SOURCE DATA section start

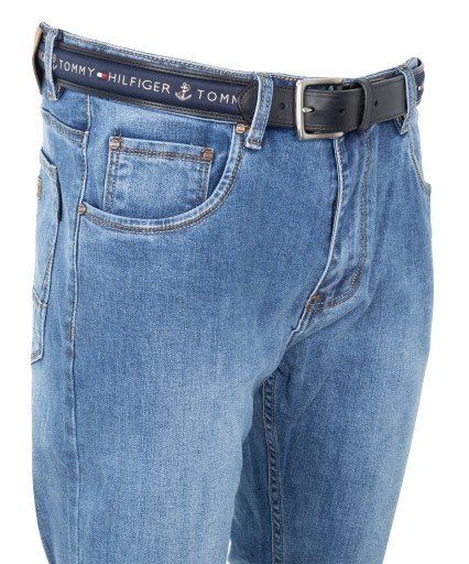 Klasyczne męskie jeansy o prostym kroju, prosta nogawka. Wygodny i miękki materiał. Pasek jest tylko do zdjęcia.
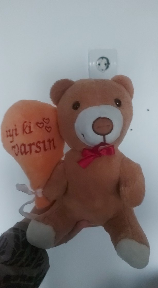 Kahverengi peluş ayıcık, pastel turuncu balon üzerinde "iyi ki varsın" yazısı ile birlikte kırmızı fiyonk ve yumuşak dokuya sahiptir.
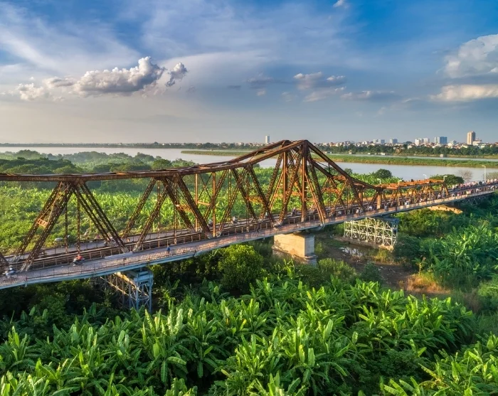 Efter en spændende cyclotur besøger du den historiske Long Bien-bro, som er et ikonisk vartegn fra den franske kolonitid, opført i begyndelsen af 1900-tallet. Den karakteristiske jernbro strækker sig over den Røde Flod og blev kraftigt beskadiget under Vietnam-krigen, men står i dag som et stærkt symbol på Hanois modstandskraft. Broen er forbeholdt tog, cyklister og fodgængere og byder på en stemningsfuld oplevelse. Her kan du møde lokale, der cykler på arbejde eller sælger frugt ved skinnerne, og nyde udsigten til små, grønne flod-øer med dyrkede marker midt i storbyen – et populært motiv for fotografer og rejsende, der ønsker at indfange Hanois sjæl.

SOURCE DATA section end
SOURCE DATA section start

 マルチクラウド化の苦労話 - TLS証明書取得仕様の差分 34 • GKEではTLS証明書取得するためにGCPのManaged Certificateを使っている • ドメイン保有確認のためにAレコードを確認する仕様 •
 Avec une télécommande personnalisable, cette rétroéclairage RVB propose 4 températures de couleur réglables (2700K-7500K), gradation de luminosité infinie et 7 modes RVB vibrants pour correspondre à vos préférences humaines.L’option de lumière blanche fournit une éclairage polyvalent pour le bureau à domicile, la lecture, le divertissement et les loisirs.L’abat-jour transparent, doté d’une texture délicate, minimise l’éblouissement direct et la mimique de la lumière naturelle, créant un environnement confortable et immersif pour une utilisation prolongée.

SOURCE DATA section end

→ TASK BRIEF:
For this exercise, return exactly the lines above from the line with "Klasyczne męskie jeansy" through the line with "Efter en spændende", both included. Do not copy the pictures.

→ ANSWER BOX:
 Klasyczne męskie jeansy o prostym kroju, prosta nogawka. Wygodny i miękki materiał. Pasek jest tylko do zdjęcia.
 Kahverengi peluş ayıcık, pastel turuncu balon üzerinde "iyi ki varsın" yazısı ile birlikte kırmızı fiyonk ve yumuşak dokuya sahiptir.
 Efter en spændende cyclotur besøger du den historiske Long Bien-bro, som er et ikonisk vartegn fra den franske kolonitid, opført i begyndelsen af 1900-tallet. Den karakteristiske jernbro strækker sig over den Røde Flod og blev kraftigt beskadiget under Vietnam-krigen, men står i dag som et stærkt symbol på Hanois modstandskraft. Broen er forbeholdt tog, cyklister og fodgængere og byder på en stemningsfuld oplevelse. Her kan du møde lokale, der cykler på arbejde eller sælger frugt ved skinnerne, og nyde udsigten til små, grønne flod-øer med dyrkede marker midt i storbyen – et populært motiv for fotografer og rejsende, der ønsker at indfange Hanois sjæl.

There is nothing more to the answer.